SYRIZA leader Alexis Tsipras at a party rally in Sparta

ATHENS – As Greece’s economy continues to sink under the weight of hundreds of thousands of unnecessary workers, Coalition of the Radical Left (SYRIZA) leader Alexis Tsipras said if he wins the critical June 17 elections that he would not proceed with 150,000 firings demanded by international lenders.
The Troika of the European Union-International Monetary Fund-European Central Bank (EU-IMF-ECB) said the sackings are required because Greece can no longer continue to keep paying redundant workers, but political leaders have refused so far to let any go because critics have said they were hired in return for votes by alternating administrations of New Democracy Conservatives and PASOK Socialist governments.

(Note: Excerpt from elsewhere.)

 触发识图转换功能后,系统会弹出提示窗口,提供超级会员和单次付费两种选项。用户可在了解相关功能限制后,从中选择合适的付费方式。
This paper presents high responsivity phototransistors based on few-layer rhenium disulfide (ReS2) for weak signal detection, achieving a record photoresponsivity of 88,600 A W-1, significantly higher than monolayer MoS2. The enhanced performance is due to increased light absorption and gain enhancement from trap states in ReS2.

In a duel with Conservative leader Antonis Samaras to win the elections, Tsipras said that instead of firing unnecessary workers that his party would conduct its own evaluation of who would stay and who would be let go, a continuation of political assessments of who gets jobs and keeps them. That would end the cooperation on employee evaluations Greece has begun with a European Commission Task Force. Tspiras also has said he would restore pay cuts, reverse tax hikes and raise pensions that had been slashed as well, but didn’t say where the money would come from as Greece is almost totally dependent on Troika funding, a first bailout of $152 billion and a second for $173 billion that is on hold until after the elections.
Tsipras visited the National School of Public Administration, where he told his audience of his plans to keep the status quo in the public sector that is largely responsible for Greece accumulating $460 billion in debt. He said  that, “Using the (EU-IMF) memorandum as their playbook, New Democracy wants to fire 150,000 civil servants by 2015 but will not address the public sector being bureaucratic and dysfunctional,” he said. “Firings would limit its basic operations,” despite criticism that the Greek public sector is bloated and inefficient.

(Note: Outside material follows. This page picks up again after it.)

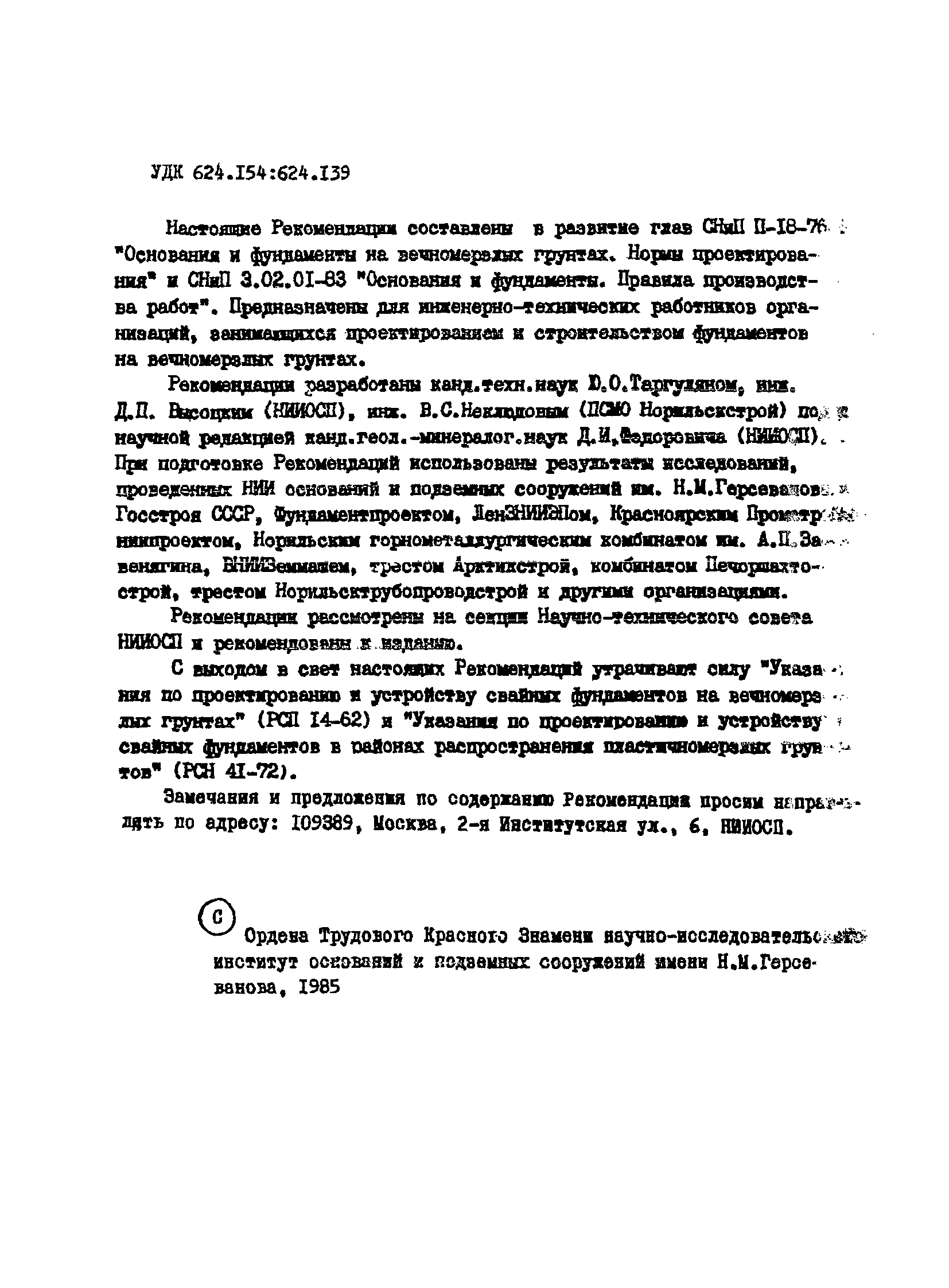 | Утверждён: | НИИОСП им. Н.М. Герсеванова Госстроя СССР (Gersevanov NIIOSP, USSR Gosstroy ) |

Tsipras added that the current process of creating an evaluation process for civil servants with the help of French experts brought to Greece by the EU Task Force would be abandoned. “We do not need any task force to tell us what to do,” he said. “The chronic weakness of our public administration is mainly due to the plundering of the public sector by governments that imposed party politics and patron-client relations,” he said, adding that there had been a lack of strategic planning.
The SYRIZA leader also pledged to ban all consultants from the public sector, accusing previous ministers of hiring “armies of advisers and bypassing the public administration’s hierarchy.” Tsipras said he would trust civil servants regardless of their political beliefs. “There is potential for a public sector that will be based on meritocracy and its trained staff,” he said. Exit polls from the stalemated May 6 elections that failed to create a government indicated that SYRIZA was the most popular party among civil servants.